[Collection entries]
===============
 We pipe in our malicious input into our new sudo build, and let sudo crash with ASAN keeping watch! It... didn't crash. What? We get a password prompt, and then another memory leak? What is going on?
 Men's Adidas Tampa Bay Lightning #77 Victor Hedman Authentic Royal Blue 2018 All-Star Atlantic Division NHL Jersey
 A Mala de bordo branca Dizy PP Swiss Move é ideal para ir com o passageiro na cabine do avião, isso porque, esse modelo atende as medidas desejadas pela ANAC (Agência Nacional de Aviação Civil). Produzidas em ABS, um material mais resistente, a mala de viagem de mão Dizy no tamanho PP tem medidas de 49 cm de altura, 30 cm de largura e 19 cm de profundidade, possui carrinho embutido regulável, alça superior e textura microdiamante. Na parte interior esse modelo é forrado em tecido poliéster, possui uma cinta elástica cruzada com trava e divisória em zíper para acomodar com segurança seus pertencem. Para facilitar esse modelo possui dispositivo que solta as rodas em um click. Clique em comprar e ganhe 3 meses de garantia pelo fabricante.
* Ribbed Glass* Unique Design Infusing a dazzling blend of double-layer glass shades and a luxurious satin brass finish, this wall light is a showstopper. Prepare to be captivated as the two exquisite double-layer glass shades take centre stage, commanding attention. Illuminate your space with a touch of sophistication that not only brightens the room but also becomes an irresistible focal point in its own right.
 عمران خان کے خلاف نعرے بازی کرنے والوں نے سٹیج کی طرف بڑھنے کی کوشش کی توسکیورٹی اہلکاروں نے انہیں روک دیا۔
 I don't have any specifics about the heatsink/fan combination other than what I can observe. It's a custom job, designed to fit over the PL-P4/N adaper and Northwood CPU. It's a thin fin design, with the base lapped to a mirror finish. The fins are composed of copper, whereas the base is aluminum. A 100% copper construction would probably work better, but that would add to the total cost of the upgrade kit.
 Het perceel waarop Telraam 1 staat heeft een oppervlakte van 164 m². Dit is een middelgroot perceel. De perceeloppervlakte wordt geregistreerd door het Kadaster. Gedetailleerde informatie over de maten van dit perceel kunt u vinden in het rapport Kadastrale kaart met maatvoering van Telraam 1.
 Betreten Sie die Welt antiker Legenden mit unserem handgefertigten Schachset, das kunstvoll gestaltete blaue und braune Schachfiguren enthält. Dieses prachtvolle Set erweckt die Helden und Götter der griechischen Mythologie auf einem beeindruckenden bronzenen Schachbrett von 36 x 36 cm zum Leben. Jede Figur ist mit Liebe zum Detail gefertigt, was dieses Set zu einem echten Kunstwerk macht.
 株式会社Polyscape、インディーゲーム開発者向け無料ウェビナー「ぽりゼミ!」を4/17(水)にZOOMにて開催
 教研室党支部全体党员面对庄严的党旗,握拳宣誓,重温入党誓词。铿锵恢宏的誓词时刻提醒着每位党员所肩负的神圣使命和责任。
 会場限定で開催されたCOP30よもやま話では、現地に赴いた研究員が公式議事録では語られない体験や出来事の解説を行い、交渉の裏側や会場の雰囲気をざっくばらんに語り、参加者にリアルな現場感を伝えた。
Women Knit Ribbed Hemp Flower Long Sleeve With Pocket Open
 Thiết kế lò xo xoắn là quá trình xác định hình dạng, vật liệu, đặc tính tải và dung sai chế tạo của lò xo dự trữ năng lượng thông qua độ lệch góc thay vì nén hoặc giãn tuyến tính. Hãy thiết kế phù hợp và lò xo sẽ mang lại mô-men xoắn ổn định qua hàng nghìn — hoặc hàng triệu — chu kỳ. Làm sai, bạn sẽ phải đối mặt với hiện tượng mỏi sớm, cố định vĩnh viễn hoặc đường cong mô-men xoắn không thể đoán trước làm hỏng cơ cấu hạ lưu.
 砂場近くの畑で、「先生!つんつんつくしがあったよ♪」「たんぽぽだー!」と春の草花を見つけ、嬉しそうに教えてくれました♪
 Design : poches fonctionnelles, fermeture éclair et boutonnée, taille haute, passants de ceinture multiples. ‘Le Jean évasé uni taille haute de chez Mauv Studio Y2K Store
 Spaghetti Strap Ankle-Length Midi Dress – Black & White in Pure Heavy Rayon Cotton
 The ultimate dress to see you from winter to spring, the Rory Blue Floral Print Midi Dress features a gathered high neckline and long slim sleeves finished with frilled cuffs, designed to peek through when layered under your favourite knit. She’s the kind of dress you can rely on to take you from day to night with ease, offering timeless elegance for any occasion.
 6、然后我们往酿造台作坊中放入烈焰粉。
===============
_Aim of the exercise_: Each entry above must be repeated word for word.

_Task output_:
 We pipe in our malicious input into our new sudo build, and let sudo crash with ASAN keeping watch! It... didn't crash. What? We get a password prompt, and then another memory leak? What is going on?
 Men's Adidas Tampa Bay Lightning #77 Victor Hedman Authentic Royal Blue 2018 All-Star Atlantic Division NHL Jersey
 A Mala de bordo branca Dizy PP Swiss Move é ideal para ir com o passageiro na cabine do avião, isso porque, esse modelo atende as medidas desejadas pela ANAC (Agência Nacional de Aviação Civil). Produzidas em ABS, um material mais resistente, a mala de viagem de mão Dizy no tamanho PP tem medidas de 49 cm de altura, 30 cm de largura e 19 cm de profundidade, possui carrinho embutido regulável, alça superior e textura microdiamante. Na parte interior esse modelo é forrado em tecido poliéster, possui uma cinta elástica cruzada com trava e divisória em zíper para acomodar com segurança seus pertencem. Para facilitar esse modelo possui dispositivo que solta as rodas em um click. Clique em comprar e ganhe 3 meses de garantia pelo fabricante.
* Ribbed Glass* Unique Design Infusing a dazzling blend of double-layer glass shades and a luxurious satin brass finish, this wall light is a showstopper. Prepare to be captivated as the two exquisite double-layer glass shades take centre stage, commanding attention. Illuminate your space with a touch of sophistication that not only brightens the room but also becomes an irresistible focal point in its own right.
 عمران خان کے خلاف نعرے بازی کرنے والوں نے سٹیج کی طرف بڑھنے کی کوشش کی توسکیورٹی اہلکاروں نے انہیں روک دیا۔
 I don't have any specifics about the heatsink/fan combination other than what I can observe. It's a custom job, designed to fit over the PL-P4/N adaper and Northwood CPU. It's a thin fin design, with the base lapped to a mirror finish. The fins are composed of copper, whereas the base is aluminum. A 100% copper construction would probably work better, but that would add to the total cost of the upgrade kit.
 Het perceel waarop Telraam 1 staat heeft een oppervlakte van 164 m². Dit is een middelgroot perceel. De perceeloppervlakte wordt geregistreerd door het Kadaster. Gedetailleerde informatie over de maten van dit perceel kunt u vinden in het rapport Kadastrale kaart met maatvoering van Telraam 1.
 Betreten Sie die Welt antiker Legenden mit unserem handgefertigten Schachset, das kunstvoll gestaltete blaue und braune Schachfiguren enthält. Dieses prachtvolle Set erweckt die Helden und Götter der griechischen Mythologie auf einem beeindruckenden bronzenen Schachbrett von 36 x 36 cm zum Leben. Jede Figur ist mit Liebe zum Detail gefertigt, was dieses Set zu einem echten Kunstwerk macht.
 株式会社Polyscape、インディーゲーム開発者向け無料ウェビナー「ぽりゼミ!」を4/17(水)にZOOMにて開催
 教研室党支部全体党员面对庄严的党旗,握拳宣誓,重温入党誓词。铿锵恢宏的誓词时刻提醒着每位党员所肩负的神圣使命和责任。
 会場限定で開催されたCOP30よもやま話では、現地に赴いた研究員が公式議事録では語られない体験や出来事の解説を行い、交渉の裏側や会場の雰囲気をざっくばらんに語り、参加者にリアルな現場感を伝えた。
Women Knit Ribbed Hemp Flower Long Sleeve With Pocket Open
 Thiết kế lò xo xoắn là quá trình xác định hình dạng, vật liệu, đặc tính tải và dung sai chế tạo của lò xo dự trữ năng lượng thông qua độ lệch góc thay vì nén hoặc giãn tuyến tính. Hãy thiết kế phù hợp và lò xo sẽ mang lại mô-men xoắn ổn định qua hàng nghìn — hoặc hàng triệu — chu kỳ. Làm sai, bạn sẽ phải đối mặt với hiện tượng mỏi sớm, cố định vĩnh viễn hoặc đường cong mô-men xoắn không thể đoán trước làm hỏng cơ cấu hạ lưu.
 砂場近くの畑で、「先生!つんつんつくしがあったよ♪」「たんぽぽだー!」と春の草花を見つけ、嬉しそうに教えてくれました♪
 Design : poches fonctionnelles, fermeture éclair et boutonnée, taille haute, passants de ceinture multiples. ‘Le Jean évasé uni taille haute de chez Mauv Studio Y2K Store
 Spaghetti Strap Ankle-Length Midi Dress – Black & White in Pure Heavy Rayon Cotton
 The ultimate dress to see you from winter to spring, the Rory Blue Floral Print Midi Dress features a gathered high neckline and long slim sleeves finished with frilled cuffs, designed to peek through when layered under your favourite knit. She’s the kind of dress you can rely on to take you from day to night with ease, offering timeless elegance for any occasion.
 6、然后我们往酿造台作坊中放入烈焰粉。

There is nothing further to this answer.